Unnamed: 0,name,type,input_size,attempt
0,202302160023,Adversarial AE,4096,0
1,202302160026,Vanilla AE,4096,0
2,202302160028,Adversarial AE,4096,1
3,202302160031,Vanilla AE,4096,1
4,202302160033,Adversarial AE,4096,2


In [5]:
# Convert AE data to dict and add to ll data
ae_data = {name: [ae_type, input_size, attempt] for name, ae_type, input_size, attempt in ae_data.values}

data[["Type", "Input Size", "Attempt"]] = [ae_data[name] for name in data["Based on AE"].values]

In [6]:
# Create groups and check if hyper-params are the same
columns_not_to_check = [""]

data_uniqueness = data
data_uniqueness = data_uniqueness.drop(columns=["precision", "recall", "f-score", "Dataset", "Type", "Input Size"])
data_uniqueness = data_uniqueness.groupby(["Based on AE", "Processed Classifier"], group_keys=False).nunique()
data_uniqueness["HP Match"] = [all([n<=1 for n in v]) for v in data_uniqueness.values]

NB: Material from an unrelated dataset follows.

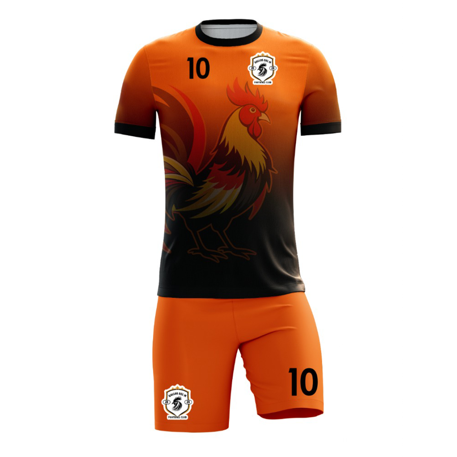 Conjunto deportivo de jersey cuello redondo cerrado y short. Disponible en telas

data_uniqueness = {(i[0], i[1]): same_hp for i, same_hp in zip(data_uniqueness.index.values, data_uniqueness["HP Match"].values)}

data["HP Match"] = [data_uniqueness[b_ae, pc] for b_ae, pc in data[["Based on AE", "Processed Classifier"]].values]
data["Classifier"] = data["Processed Classifier"]
data = data.drop(columns=["Processed Classifier"])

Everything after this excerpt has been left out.